Les solutions de biocontrôle sont mises en avant pour une meilleure prévention de l’utilisateur et la protection de l’environnement. Les distributeurs doivent finaliser un certain nombre de CEPP(3) à acquérir portant justement sur ces solutions de biocontrôle, entre autres. « Même si la pénalité financière a disparu en cas de non-respect des objectifs fixés en termes de CEPP, il demeure un certain flou sur le renouvellement de l’agrément distributeur qui pourrait être conditionné à l’obtention d’un nombre suffisant de CEPP, remarque Joël Lorgeoux. Nous attendons de connaître les textes d’applications de ces nouvelles règles.

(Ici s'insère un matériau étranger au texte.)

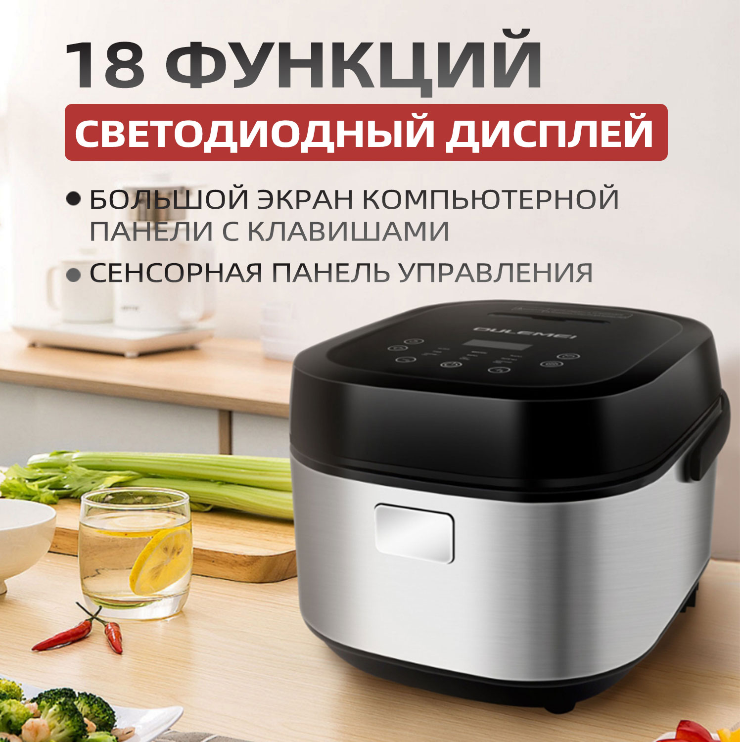 1)18 функций, светодиодный дисплей, стальное стекло, большой экран сенсорной панели;

En tous les cas, nous serons très loin de pouvoir honorer l’objectif des CEPP avec les seuls produits de biocontrôle. »

(1) Le cuivre est autorisé sur betterave avec une dérogation 120 jours du produit Yucca, autorisé en agriculture biologique mais exclu de la liste des produits de biocontrôle.
(2) www.ibmafrance.com
(3) Certificat d’économie de produit phytosanitaire.

AVIS D’EXPERT : Thibaut Malausa, chercheur à l’Inra de Sophia-Antipolis coordonnant le consortium biocontrôle

« Le biocontrôle ne se développera que si l'on change les itinéraires culturaux »

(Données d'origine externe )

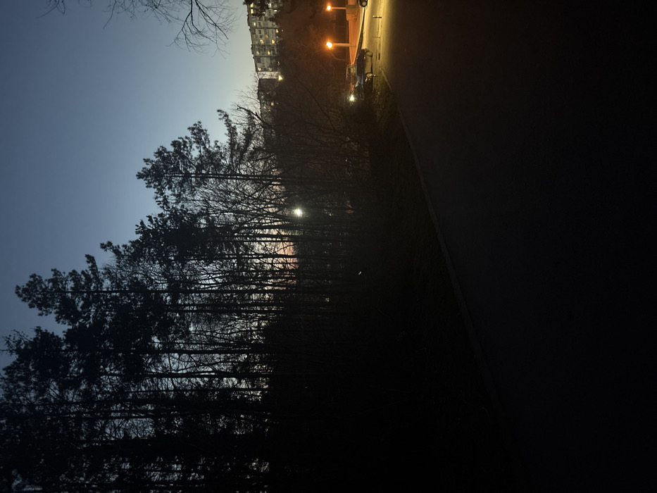 The image displays a transitional urban landscape in Dobrich, Bulgaria, during twilight or dawn. The upper portion of the frame features a blue-grey sky with a faint orange glow on the horizon. A dense line of tall evergreen trees and bare deciduous trees dominates the left and central midground, silhouetted against the sky. A bright, white light source, consistent with a streetlamp, is partially visible through the trees in the mid-right. The lower foreground consists of an unlit, dark asphalt path or road. To the right, a paved area is illuminated by several orange-toned streetlights, revealing at least two dark-colored vehicles parked. In the upper right background, a cluster of multi-story residential buildings with illuminated windows is visible on a higher elevation beyond the tree line. No individuals or observable actions are present within the scene.

« Actuellement, nous sommes dans des systèmes de cultures peu prophylactiques et 'open bar' pour les parasites, avec par exemple des parcelles contigües de mêmes variétés. C’est peu propice au biocontrôle et il est très rare que l’on puisse remplacer poste pour poste un pesticide par un produit de biocontrôle. Cela fonctionne bien quand on change certaines choses dans l’itinéraire cultural comme l’adoption de variétés tolérantes aux bioagresseurs, l’allongement des rotations culturales, l’évitement de parcelles contiguës de mêmes cultures… autant d’éléments qui concourent à réduire la pression des bioagresseurs tout en favorisant les organismes utiles. Le biocontrôle se limite à diminuer le parasitisme en dessous du seuil de dégâts acceptables économiquement. L’utilisation de produits de biocontrôle trouve son intérêt dans le respect de l’environnement. Un produit naturel n’est pas forcément moins toxique qu’un produit de synthèse mais il est moins stable dans l’environnement et, de ce fait, il générera moins de pollution. »

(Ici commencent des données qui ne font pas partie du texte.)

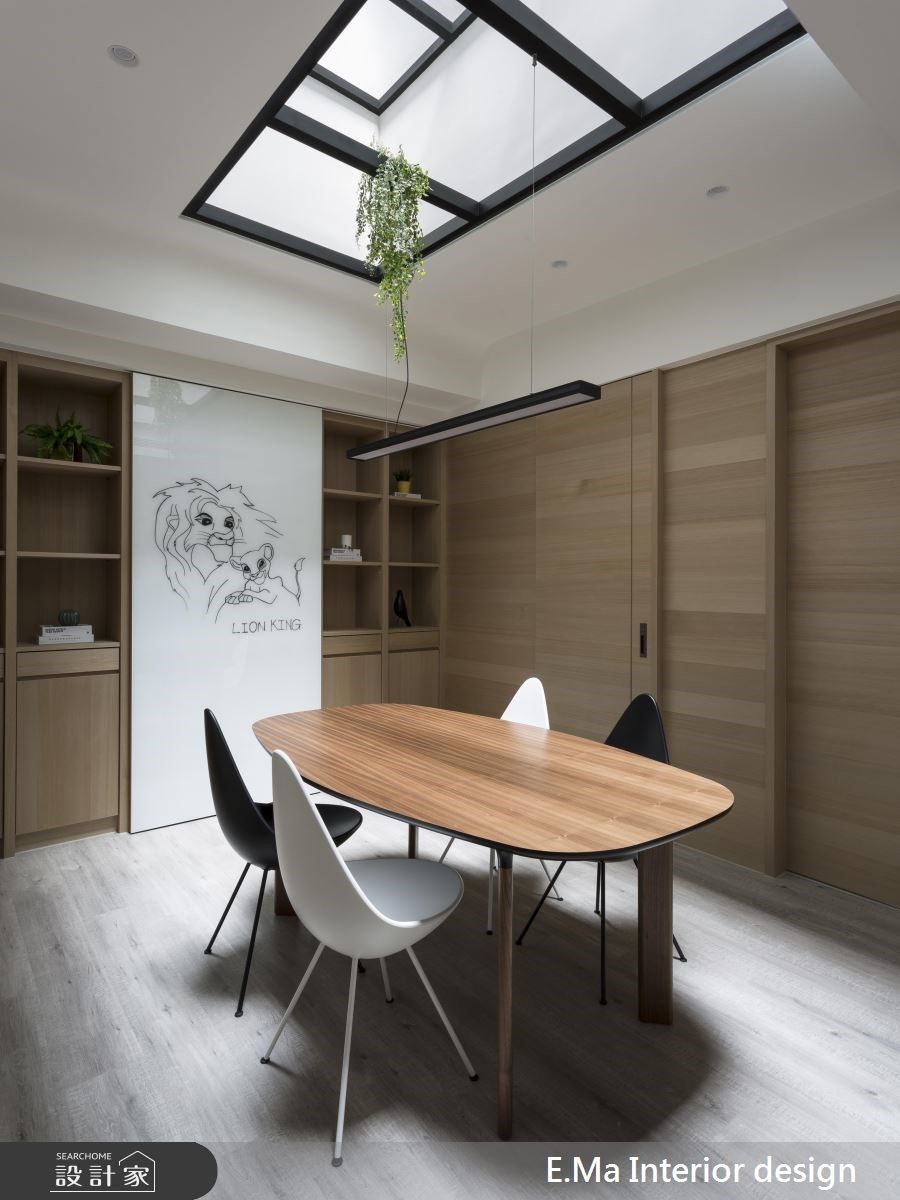 四樓是孩子的快樂天堂,以自然舒適的木質調營造如小木屋,天花則以雙層挑空鑿出天井,讓仰頭而望也有一番風景,不僅引光灑落,打亮孩子的陽光笑容,朗朗的讀書聲也分外起勁;而不甘寂寞的日光隨順樓梯而下,把三樓也照出爽亮感。

AVIS D’EXPLOITANT : Édouard Billard, 340 hectares à Intréville en Eure-et-Loir

« Des trichogrammes depuis vingt ans »

« Comme produits de biocontrôle, nous utilisons les trichogrammes sur maïs. Dès que l’on repère le premier vol de pyrale, nous réceptionnons les plaquettes cartonnées qui contiennent les trichogrammes. Leur application à pied prend deux à trois heures à trois ou quatre personnes sur nos 20 hectares de maïs et cela protège bien la culture à coût équivalent (33 €/ha) à celui d’un insecticide. Cela fait depuis vingt ans que nous utilisons cette solution de protection. Nous avons aussi adopté l’antilimace Sluxx HP que nous appliquons une ou deux fois sur nos cultures de colza, à 5 kg/ha (22 €). L’épandage s’effectue au Delimbe en septembre au stade 2-3 feuilles du colza. Les populations de limaces sont bien contrôlées. Sur l’exploitation agricole, nous mettons en place tout ce qui est possible pour réduire l’utilisation des produits phytosanitaires de synthèse, ce qui nécessite de consacrer plus de temps à la surveillance des parcelles, moins de traitements préventifs, l’utilisation de variétés tolérantes aux bioagresseurs… »

SCEA de la ferme des Brosses avec Dominique, Solène et Édouard Billard (+ un salarié). 340 ha dont 130 de blé tendre, 20 de blé dur, 20 d’orges, 20 de maïs grain, 30 de colza, 55 de betterave, 30 de pomme de terre, 10 de pois de conserve et 10 de flageolet.